Abstracts der 18. Jahrestagung 2010 in Freudenstadt

Planung und Durchführung von Lehrküchenveranstaltungen

Autorin: Christiane Kling

Im Zeitalter der Tiefkühlpizzen, Dosenravioli, Tütensuppen und Co. sind allgemeine Grundkenntnisse über den Ursprung und die Zusammensetzung der Lebensmittel sowie koch- und küchentechnische Fertigkeiten kein selbstverständliches Grundwissen mehr. Doch gerade diese Kenntnisse sind häufig Voraussetzung für die Umsetzung vieler ernährungstherapeutischer Empfehlungen, sei es beispielsweise bei der Enzymdosierung (Fettgehalt, praktische Kenntnisse über fettarme Zubereitungsmethoden), der Insulingabe (Kohlenhydratgehalt, glykämischer Index, Fett-Proteineinheit) oder der Lebensmittelauswahl bei Allergien (Allergengehalt, Kontaminationsrisiko).

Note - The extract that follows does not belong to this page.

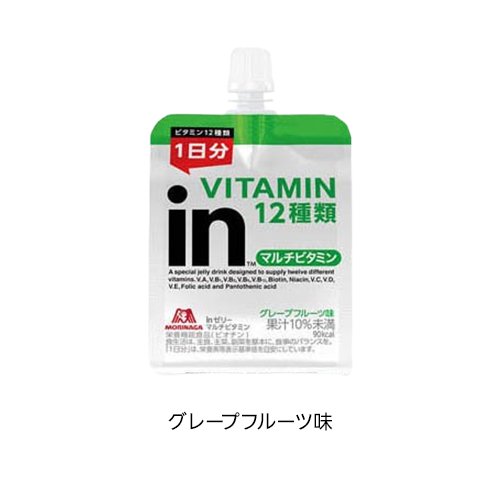 お店TOP>健康食品>栄養・美容系飲料>ゼリー飲料>ゼリー飲料全部>森永製菓 inゼリー (6個入×2セット/3セット)商品区分:栄養機能食品(栄養成分:グレープフルーツ味・パイナップル味:ビオチングレープ味:鉄、カルシウム、亜鉛、銅)【森永製菓 inゼリーの商品詳細】●飲むゼリータイプの栄養補助食品です。【栄養成分(栄養機能食品)】グレープフルーツ味・パイナップル味:ビオチングレープ味:鉄、カルシウム、亜鉛、銅【保健機能食品表示】★グレープフルーツ味・パイナップル味:ビオチンは、皮膚や粘膜の健康維持を助ける栄養素です。★グレープ味:鉄は、赤血球を作るのに必要な栄養素です。カルシウムは、骨や歯の形成に必要な栄養素です。亜鉛は、味覚を正常に保つ、皮膚や粘膜の健康維持を助ける、たんぱく質・核酸の代謝に関与して健康維持に役立つ栄養素です。銅は、赤血球の形成を助け、多くの体内酵素の正常な働きと骨の形成を助ける栄養素です。【基準値に占める割合】グレープフルーツ味・パイナップル味:ビオチン:100%〜236%グレープ味:鉄、カルシウム、亜鉛、銅:33%【1日あたりの摂取目安量】1日当たり1袋を目安にお召し上がりください。【召し上がり方】冷やすといっそうおいしくなります。【品名・名称】清涼飲料水(ゼリー飲料)【栄養成分】★グレープフルーツ味:1袋(180g)当たりエネルギー:90kcal、たんぱく質:0g、脂質:0g、炭水化物:22.5g、食塩相当量:0.11g、カリウム:49mg、リン:0.5〜3.0mg、ナイアシン:13.0〜25.2mg、パントテン酸:4.8〜20.5mg、ビオチン:50〜118μg、ビタミンA:770〜1367μg、ビタミンB1:1.2〜2.8mg、ビタミンB2:1.4mg、ビタミンB6:1.3mg、ビタミンB12:2.4〜5.9μg、ビタミンC:100〜248mg、ビタミンD:5.5〜16.4μg、ビタミンE:6.3mg、ビタミンK:0μg、葉酸:240〜786μg、ビオチン50〜118μg(100%〜236%)★パイナップル味:1袋(180g)当たりエネルギー:0kcal、たんぱく質:0g、脂質:0g、炭水化物:11.9g(糖質:11.4g(糖類:0g)、食物繊維:0.2〜0.8g)、食塩相当量:0.27g、ナイアシン:13.0〜25.2mg、パントテン酸:4.8〜20.5mg、ビオチン:50〜118μg、ビタミンA:770〜1367μg、ビタミンB1:1.2〜2.8mg、ビタミンB2:1.4mg、ビタミンB6:1.3mg、ビタミンB12:2.4〜5.9μg、ビタミンC:100〜248mg、ビタミンD:5.5〜16.4μg、ビタミンE:6.3mg、ビタミンK:0μg、葉酸:240〜786μg★グレープ味:1袋(180g)当たりエネルギー:90kcal、たんぱく質:0g、脂質:0g、炭水化物:22.5g、ナトリウム:1〜10mg、鉄:2.5mg(33%)、カルシウム:233mg(33%)、亜鉛:2.3mg(33%)、銅:0.2mg(33%)、マグネシウム:35mg※( )内は、栄養素等表示基準値に占める割合【アレルギー物質】なし【保存方法】★直射日光・高温・多湿を避けて保存してください【注意事項】★グレープフルーツ味・パイナップル味・ビタミンAを含みますので妊娠3か月以内又は妊娠を希望する女性は過剰摂取にならないように注意してください。★グレープ味・亜鉛の摂りすぎは、銅の吸収を阻害するおそれがありますので、過剰摂取にならないよう注意してください。★共通・食生活は、主食、主菜、副菜を基本に、食事のバランスを。・「1日分」は、栄養素等表示基準値を目安にしています。・本品は、特定保健用食品と異なり、消費者庁長官による個別審査を受けたものではありません。・医薬品を服用している場合は医師、薬剤師に相談してください。・本品は、多量摂取により疾病が治癒したり、より健康が増進するものではありません。一日の摂取目安量を守ってください。・小児は本品の摂取を避けてください。・凍結させたものを解凍すると、風味・食感が変わることがあります。・開封後はすぐにお飲みください。・水分が分離したり色調が変わることがありますが、品質には問題ありません。・容器への強い衝撃はお避けください。容器が破損することがあります。・飲み終わった容器は自治体の区分に従ってください。【原産国】日本【発売元、製造元、輸入元又は販売元】森永製菓商品に関するお電話でのお問合せは、下記までお願いいたします。化粧品以外(食品、飲料等):0120-560-162(月曜日〜金曜日(祝日を除く) 午前10時〜午後4時)化粧品:0120-80-5580(9時〜19時、土・日・祝日も問合せ可)リニューアルに伴い、パッケージ・内容等予告なく変更する場合がございます。予めご了承ください。森永製菓108-8403 東京都港区芝5-33-1 ※お問合せ番号は商品詳細参照広告文責:楽天グループ株式会社電話:050-5577-5042[ダイエット食品]

Wer kochen kann und dies auch gerne tut, kann selbst entscheiden, welche Zutaten in welcher Menge verwendet werden, weiß sehr genau, was drinnen ist und was nicht, kann besser die ernährungsabhängigen Kosten steuern und bleibt gegenüber der Lebensmittelindustrie weitgehend unabhängig. Dass „selbst kochen“ nicht nur zeitraubend ist, sondern auch Spaß machen kann, zeigt sehr eindrucksvoll die nicht enden wollende Trendwelle von Kochshows. Praktische Unterrichtseinheiten wie Lehrküchenveranstaltungen sollten daher fester Bestandteil von Schulungskonzepten sein. Doch gerade diese Unterrichtseinheiten, so wertvoll sie auch sind, bereiten den Schulungsteams in der Umsetzung Probleme: Keine Räumlichkeiten, zeitaufwändige Vor- und Nachbereitung, kostenintensiv gegenüber einer theoretischen Schulungseinheit sind häufig die KO-Argumente, die eine Umsetzung blockieren. Der Beitrag soll Ihnen zunächst einen Überblick über die Konzeption von Lehrküchenveranstaltungen, beginnend bei der Findung eines geeigneten Schulungsraums, den zu erwartenden Kosten für eine Grundausstattung, Hygienevorschriften etc., geben. Im weiteren Verlauf werden verschiedene Praxisvarianten, die sich im Zeitmanagement (von 30-minütigen Blitzlehrküchen bis hin zur ausgedehnten Kochwerkstatt), in den Lernzielen, der Präsentationsform sowie der Kostenintensität unterscheiden, aufgezeigt.